Note de l'auteur : J'ai plein d'idées en ce moment qui me polluent la tête et m'empêchent d'écrire Mon ange déchu. Je m'applique donc à les en sortir en les publiant. Ce drabble (OS ? presque 4000 mots tout de même…) est un Mystwalker (le précédent était un Jerza). J'aime bien l'idée d'un petit recueil pour toutes mes idées de Mystwalker que je ne peux caser dans une vraie fiction… A creuser ! :D

Contexte : Jellal est le Roi d'Edolas qui revient de voyage et Erza et les autres ont quitté l'armée.


Vagabonde de mon cœur


Le bateau s'approchait de la côte et Jellal sourit en se postant à la proue, savourant les embruns sur son visage et l'odeur de l'océan. Il n'était pas revenu à Edolas depuis de longs mois et le pays lui manquait.

Le détroit se profila à l'horizon et le bleu retourna à la barre, prenant place à côté de Simon. Le géant lui sourit et regarda Sho se démener avec les cordages. Il savait que le Mikazuchi était content de rentrer. Sa petite sœur lui manquait beaucoup.

Jellal observa sur la roue en bois entre les mains du brun. Le détroit portait bien son nom et les vagues étaient parfois traîtres – en témoignaient les débris de bois et de voiles qui surnageaient près des petites falaises qui le bordaient.

Une ombre recouvrit le navire et il leva la tête pour observer le ventre d'une large créature volante. Sur son dos, deux personnes lui firent signe.

« Salut, ô gracieuse Majesté ! Enfin rentré au bercail ?, cria l'un d'eux avec un grand sourire.
- Oui, Hugues !, rit le bleu.
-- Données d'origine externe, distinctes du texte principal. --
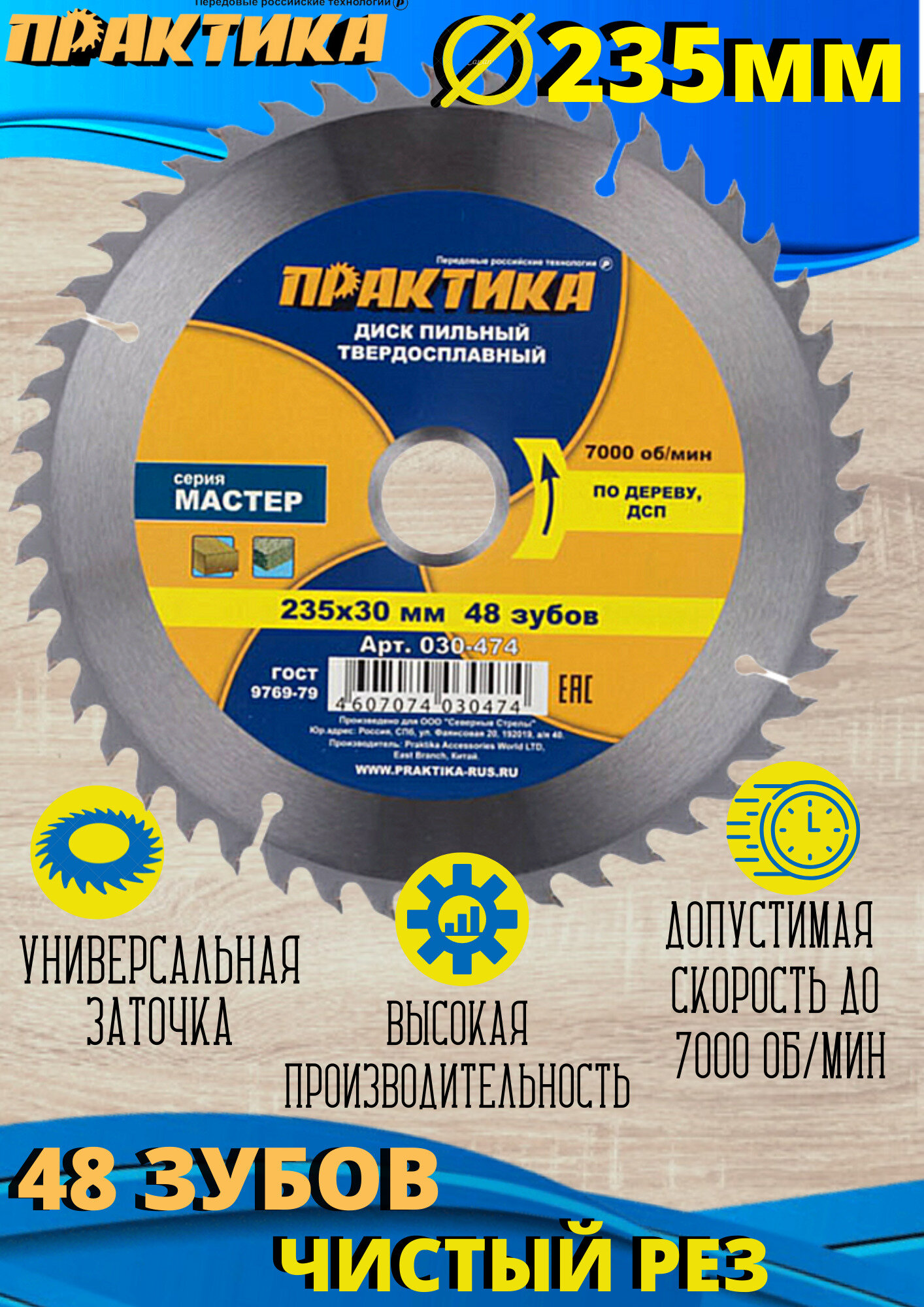 Диск пильный 235*30 мм 48 зубьев по дереву, ДСП "Практика"

Bonjour, Sugar Boy ! », ajouta-t-il à l'attention du second larron.

Celui-ci se contenta de le saluer de son chapeau orné d'une plume, mais il pouvait voir le sourire du blond.

« Youhou ! », hurla une voix aigüe de l'autre côté du détroit.
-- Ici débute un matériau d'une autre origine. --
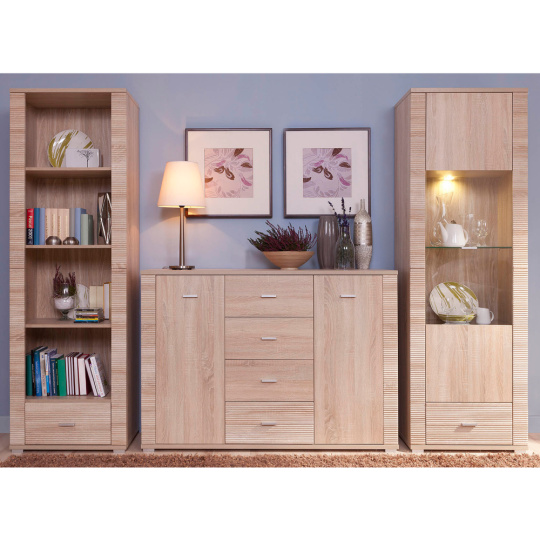 Regál GRAND typ 6 Materiál: DTD laminovaná. Barevné provedení: dub sonoma. Rozměry (ŠxHxV): 62,8x39x192 cm Tloušťka materiálu korpus: 16 mm Tloušťka materiálu vrchní desky: 22 mm Tloušťka materiálu spodní desky: 22 mm 1-šuplík 3-police Dodáván v demontu.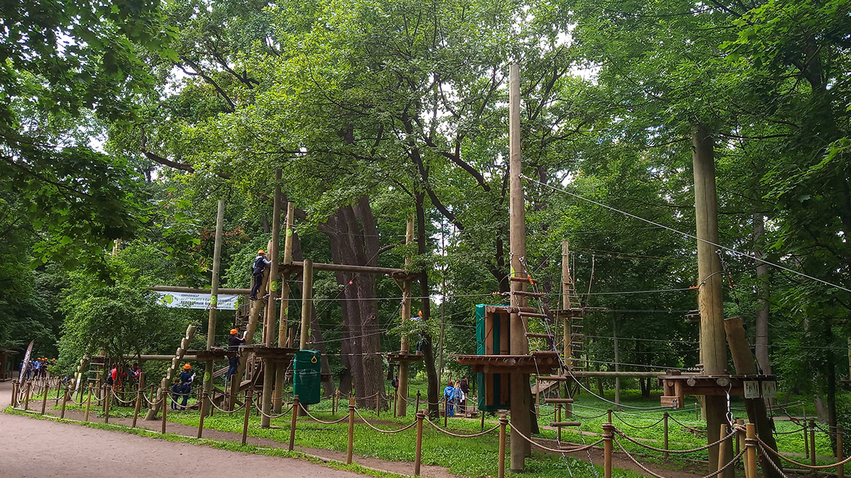 Для детей там еще есть замечательное развлечение – веревочный парк. Ребенку выдадут каску, наколенники и страховочные веревки – и ползай на здоровье по канатам и бревнам. А для совсем маленьких детей есть хорошая детская площадка, она расположена посередине между мостами с Приморского проспекта и с Крестовского острова, рядом с центральной аллеей, соединяющей эти два моста.

Jellal tourna la tête vers la gauche et son regard tomba sur un cheval galopant à toute allure, deux personnes sur son dos.

« Bonjour, Majesté !, cria à nouveau Coco en faisant de grands mouvements de bras. Elle se rattrapa toutefois rapidement à la taille de la deuxième cavalière, juste devant elle, pour éviter de tomber de la selle.
- Hé, Erza !, s'époumona Hugues d'un ton moqueur. Tu crois quand même pas arriver avant nous avec ton canasson ?
- Rendez-vous à Alisma, bande de limaces !, rétorqua la rousse sans même daigner les regarder. Jellal la connaissait toutefois assez pour deviner le sourire ironique qu'elle devait arborer.
- Tu parles !, répliqua Hugues. Si tu gagnes, je suis prêt à l'embrasser, ta vieille carne ! », déclara-t-il, sûr de sa victoire.
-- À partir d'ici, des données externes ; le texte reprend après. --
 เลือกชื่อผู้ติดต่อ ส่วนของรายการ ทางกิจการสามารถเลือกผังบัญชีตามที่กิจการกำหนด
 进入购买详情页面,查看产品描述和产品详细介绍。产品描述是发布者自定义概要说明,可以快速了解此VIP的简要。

Le bleu les regarda s'éloigner du bateau, chacun d'un côté de la rive, trop occupés à faire la course pour se soucier de lui. Il n'en fut pas vexé. Ils se retrouveraient au port d'Alisma.

« Toutes voiles dehors, soldats !, s'exclama-t-il. Montrons-leur ce que le Rédempteur a dans le ventre ! »

ooOoo

Le soleil commençait à descendre sur l'horizon quand Jellal mit enfin les pieds sur le quai. Sho et les autres commencèrent de suite à décharger la cargaison tandis qu'il s'aventurait sur le port, cherchant du regard les tignasses aisément reconnaissables de ses vieux amis.

Il aperçut enfin une tête violette et s'avança dans sa direction. Hugues était assis sur un tas de caisses en bois, occupé à bouder. Le roi en déduisit qu'il avait perdu son pari. Et en eut confirmation quand l'ex-Capitaine s'essuya la bouche d'un air dégoûté – ne jamais faire de promesses insensées avec Erza…

En parlant de la jeune femme, elle sauta par-dessus l'empilement de caisses avec agilité, vite rejointe par Coco et Sugar Boy. Le violet lui jeta un regard méfiant et s'éloigna un peu – des fois qu'elle veuille à nouveau lui faire embrasser son cheval…

Jellal compatit et s'approcha d'Hugues.

« Je pensais que tu aurais compris, depuis le temps…, le sermonna-t-il gentiment, un sourire sur les lèvres.
- Oh, ça va, grogna le violet avant de cracher par terre. Beurk, grimaça-t-il.
- Arrête, le railla Erza. Je t'ai déjà dit que la dentition de Sylpharion est impeccable. Tu crois que je garderais un cheval qui a mauvaise haleine ?
- C'est pas vraiment ça le problème ! », protesta Hugues.

Le bleu les regarda se disputer – enfin, il regarda Erza asticoter son camarade avec entrain et sarcasme. Ces deux-là n'auraient pas dépareillé à Fairy Tail, pensa-t-il. Il n'évoqua pas cette idée devant eux, connaissant d'avance l'air horrifié qu'il gagnerait en retour.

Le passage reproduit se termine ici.